The Munsee Indian descendants are attempting again to regain federal recognition of the tribe.
The descendants tried in 2005, but failed in an attempt despite the work of the late Munsee Elder Clio Caleb Church, who began the pursuit in 1978. Church was the first female chief of the Munsee tribe after her election in 2005.
A year ago, in July, the idea of restarting the recognition campaign was born. Mike Ford, a Choctaw Indian, who lives in Ottawa, contacted Connie Hildebrandt, a Munsee and Chippewa descendant, if she would like to start the federal recognition campaign again.
Hildebrant and Ford joined forces to lay the ground work for the tribe’s work.
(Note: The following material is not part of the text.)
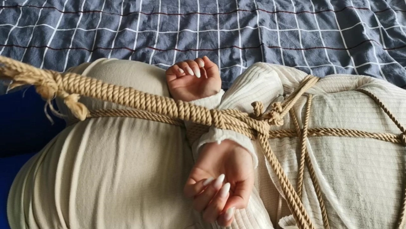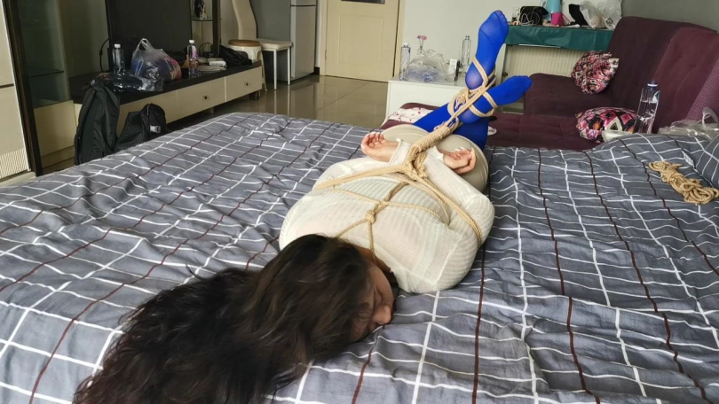 【JS】艾可 性感蓝丝袜 龟甲紧缚 驷马挣扎

Ford, a tribal historian and legal researcher, is knowledgeable of the Munsee Indians’ vast history.
In August 2018, Hildebrant started a Facebook page to supply information to descendants about the formation of the group and her intentions. She found 250 Munsee descendants through her research efforts.
The Munsee descendants group selected “The Munsee Tribe of Kansas” as their official name. The group will have its first official meeting Saturday at Foursquare Chapel Annex. Hildebrant said eventually they will be voting for tribal officers and will draft a constitution.
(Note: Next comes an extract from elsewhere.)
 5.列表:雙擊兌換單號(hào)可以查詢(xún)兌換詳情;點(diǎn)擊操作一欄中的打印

The group has a lot of behind-the-scenes work ahead before attempting to regain its recognition, Hildebrant said
“I am optimistic that we will be federally recognized again,” she said. “There are several steps towards this recognition, and they are working on the first step, which is enrollment. Everyone is to do a family tree, so that they can identify and verify Munsee descendants. The 1900 final Munsee roll list is where the enrollment begins. They will have to trace their ancestry through their Munsee ancestors back to the 1900 roll.”
Hildebrant said once they go through the family trees, descendants will need to make copies of birth certificates.
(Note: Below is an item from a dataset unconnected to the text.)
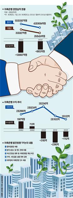 지난 2012회계연도(2012년7월~2013년6월)의 8803억원 적자는 저축은행 업계가 처한 상황을 여실히 보여준다. 91개 저축은행 중 적자 저축은행 수는 50개사로 직전 회계연도(49개사) 대비 1개사가 증가하는 등 절반을 훌쩍 뛰어넘는 저축은행들이 적자를 면치 못했다.

“The birth certificates are important because when they approach a Congress member to sponsor a bill for the Indian Reorganization Act of 1934 to be extended to the Munsee Tribe of Kansas, there’s going to need to be a verified tribal roll back to the Munsee ancestors on the final Munsee roll of 1900,” Hildebrant said. “This connection of ancestry won’t be passable on paper without birth certificates. All federally recognized tribes require birth certificates back to their ancestor on the tribal roll. If the birth certificates aren’t available, they can use death certificates.”
Hildebrant said this effort is a self-funded pursuit and they will be having fundraisers to fund the project.
Hildebrant continues to search for descendants as she wants everyone to be involved with this recognition.
The Munsee tribe has a rich history in Kansas and Franklin County. Munsee children attended Haskell Indian boarding schools into the 1950s. The Smithsonian Institute sent Ethnologist Truman Michelson to the Munsee area between Ottawa and Pomona to document the Munsee language in 1912-13. The Munsee tribe still has their tribal cemetery in the Chippewa Hills.
The majority of the Kansas Munsee tribe are descendants of Israel Welapachtshechen, who was murdered by militia in the Gnadenhutten Massacre of March 8, 1792. His children, Jacob and Ester, survived the massacre.
Ester survived by being a British captive. The British granted land and they established a new Gnadenhutten, but the area turned unsafe with the tensions of the 1780s. The Munsee converts moved to Canada in 1792.
The War of 1812 led to the removal of several Indian tribes from Canada to what is now Franklin County. By 1895-96, bills had been introduced to disolve the Munsee Reservation.